We have a 2 yr old viszla who is a total dream, well behaved, able to be left on her own in the car or at home while we are out at work. She is affectionate, fun to be with etc etc. and we actually laugh at how gentle she is with everyone and dog she meets. The most dangerous bit of her is her tail which never stops wagging.

Occaisionally work takes us away for a week or so and she goes,with our kids to my parents and their two GSPs who she adores. 

While there this last time, she became full of mischief, a thief and chewed all she stole , she was agressive when on the lead with the two pointers, towards other dogs, and barked at people.

The visit coincided with the end of her first season and we are confused as to whether this was an adolescent blip or an anxiety problem and if anxiety what do we do?


----------



## Mercutio (Jan 18, 2010)

Hi Cathy,

I can't really help except to say that I had similar problems suddenly develop with my 2yr old as well - although he is a neutered male. Did she go back to her normal self once you got her home again or is she still being aggressive towards other dogs /people?

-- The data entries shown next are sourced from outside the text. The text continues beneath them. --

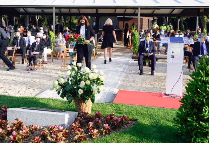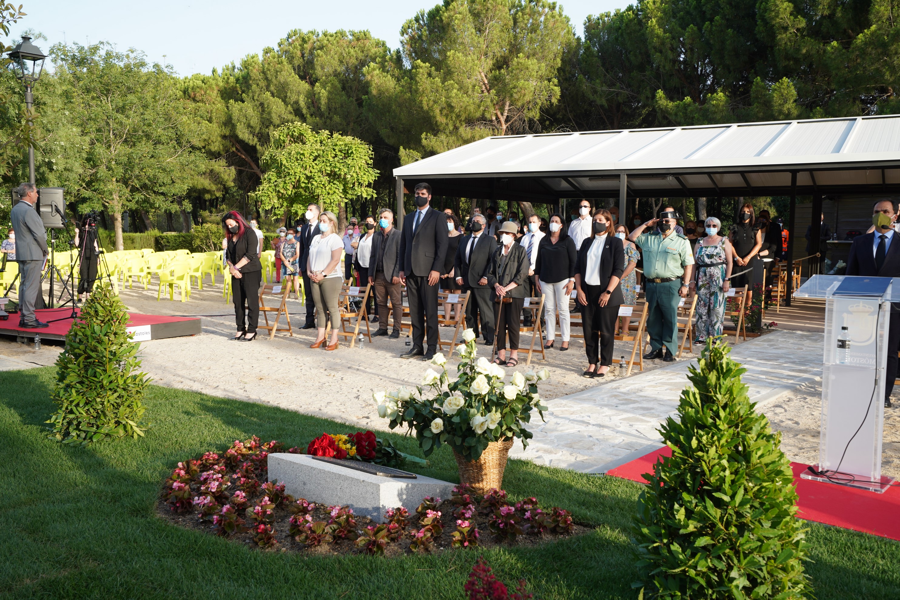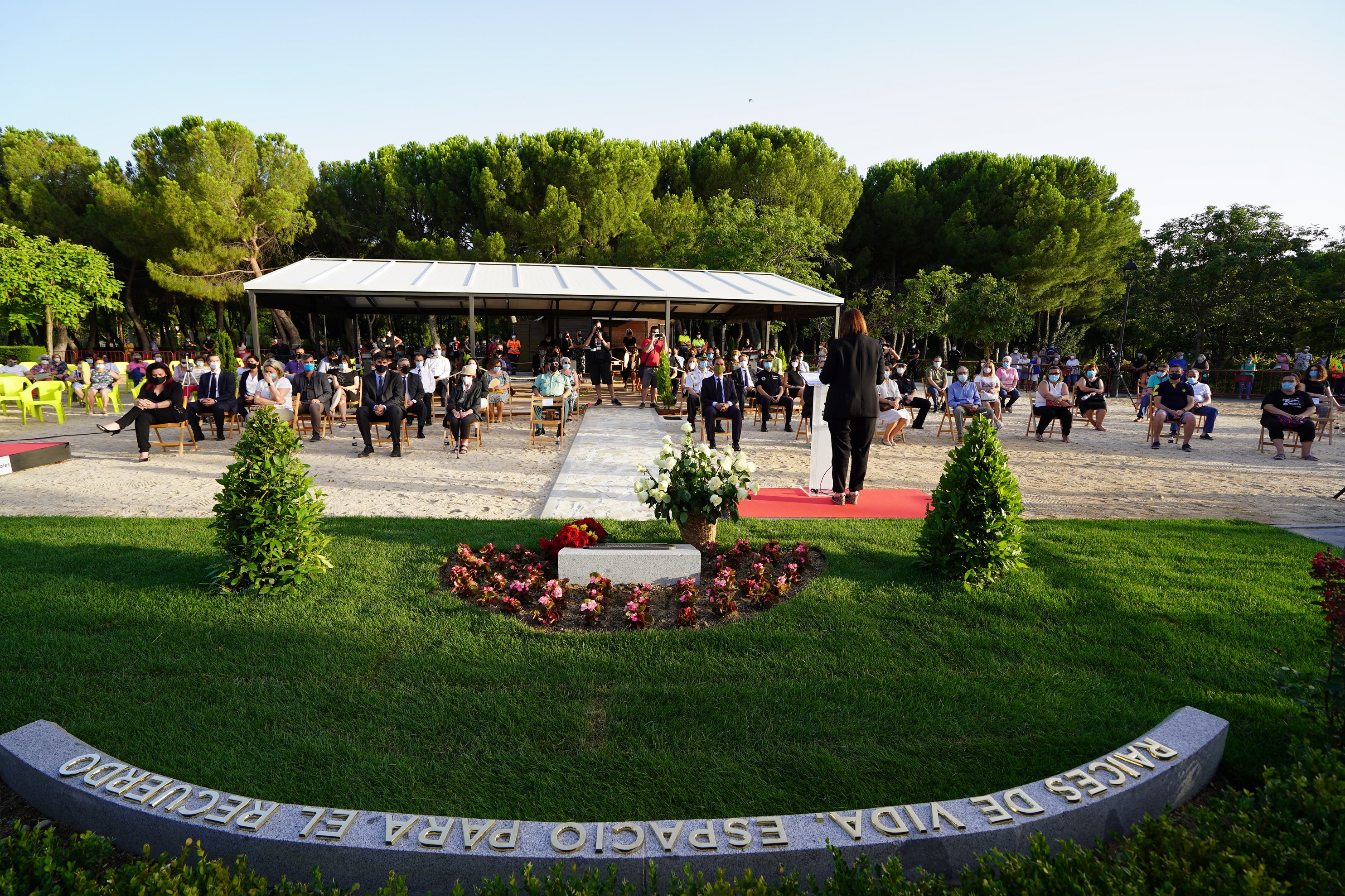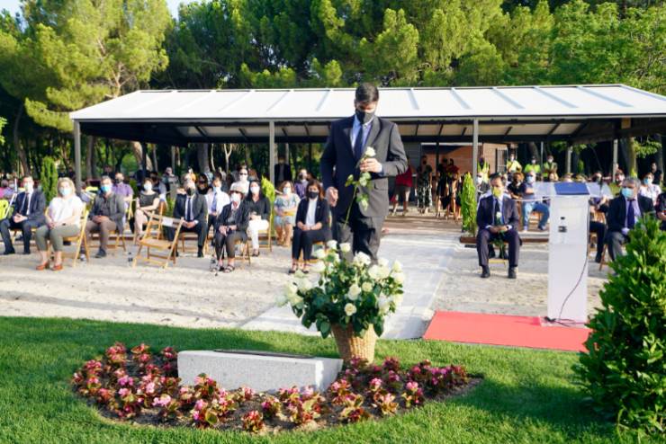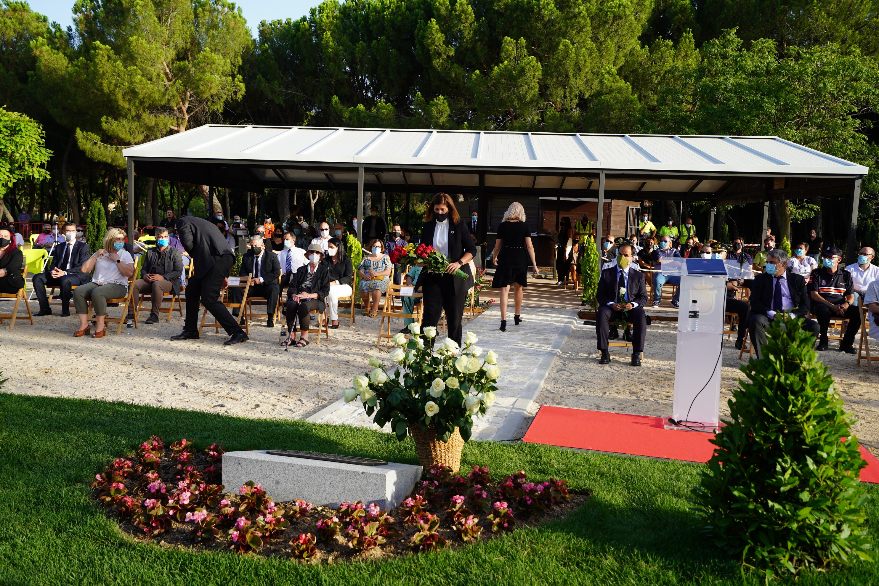 Imagen en alta resolución. Este enlace se abrirá mediante lightbox, puede haber un cambio de contextoEnvuelto en un solemne silencio, al abrigo de los árboles de la Finca Liana, Móstoles ha recordado en un sentido homenaje a todas las víctimas de la COVID-19. Personas con nombres y apellidos que han visto sus vidas segadas por la emergencia sanitaria, mientras sus familias, obligadas por estrictas medidas de seguridad, les decían adiós desde la distancia.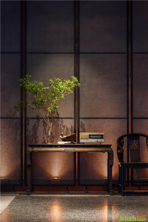 步入酒店,正面可见的是整面岭南传统藤编屏风墙,业主收藏的明清书桌太师椅,让空间增添了历史的印迹,负载了城市的记忆和灵魂。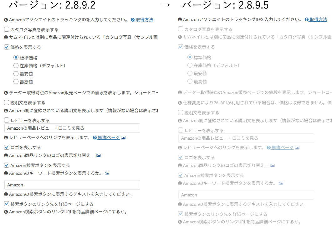 PA-APIの情報を消去せずにCreators APIの情報を追加で入力すれば、「カタログ写真を表示する」以下の項目はグレー表示になりませんでした。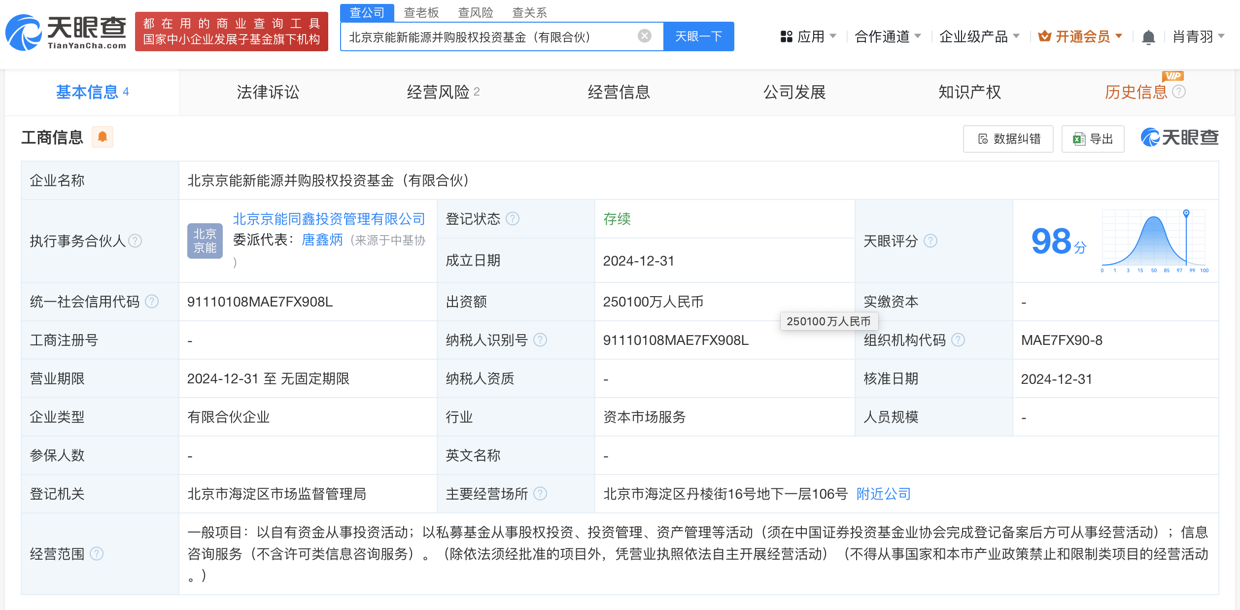 天眼查App显示,近日,北京京能新能源并购股权投资基金(有限合伙)成立,执行事务合伙人为北京京能同鑫投资管理有限公司,出资额约25亿人民币,经营范围为以自有资金从事投资活动,以私募基金从事股权投资、投资管理、资产管理等活动,信息咨询服务。合伙人信息显示,该基金由泰康人寿保险有限责任公司、北京京能绿色能源并购投资基金(有限合伙)、北京京能同鑫投资管理有限公司共同出资。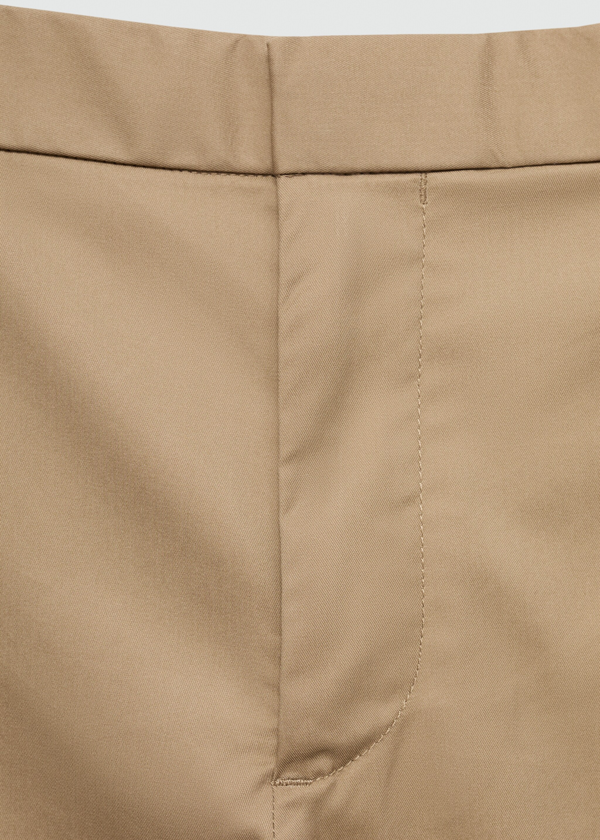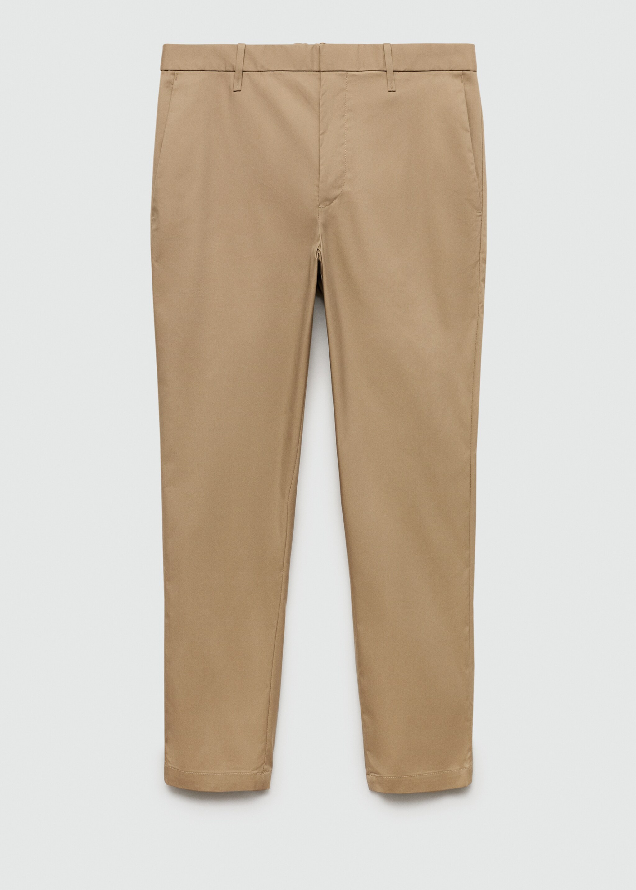 Update your closet with Mango Outlet's selection of cheap men's chino pants. This collection brings together everything from classic slim fit chinos to regular fit and tapered chinos, made in fabrics such as cotton twill or lightweight blends, designed to offer comfort and style at any time of the year. Men's regular fit pants are a versatile option for those looking for a comfortable and modern fit, ideal for everyday wear. Chino pants stand out for their versatility: you can find them in neutral tones like navy blue, beige or gray, as well as in trendy colors like khaki green or camel brown, ideal to combine with cheap shirts, men's polo shirts or cheap sweaters. The different cuts allow to adapt to every occasion. The slim fit pants models stylize the silhouette and are perfect for urban looks or for a casual date, while the cheap chino pants designs with darts provide a more sophisticated touch, ideal for the office or events that require extra elegance without losing comfort. If you are looking for a relaxed style, tapered chino pants with elastic waist and crop details are the best choice for the weekend or for traveling comfortably without sacrificing design. Among the benefits of choosing this type of pants is their ability to adapt to any plan, from business meetings to dinners with friends. If you are looking for a more elegant garment, Mango Outlet's men's dress pants offer a perfect alternative for formal occasions without sacrificing comfort. Discover the collection of men's chino pants and bet on an essential, comfortable and always fashionable garment. If you are looking for men's pants, Mango Outlet is your ideal destination to renew your closet with the latest trends at competitive prices.

I have partially put down my problems with Mercutio to the fact that my husband was away and I was a little more stressed out than usual so maybe she was reacting to being away from you and her home. If your parents don't mind, maybe leave her there for a day or two just to see if it happens again so you know whether it is a problem to do with her going there - maybe anxiety - or whether it's something happening all the time now and so more likely a behavioural blip. 

With the help of a trainer (and the return of his 'dad') Mercutio's behaviour has improved so I'm sure there is hope for your problems too.


----------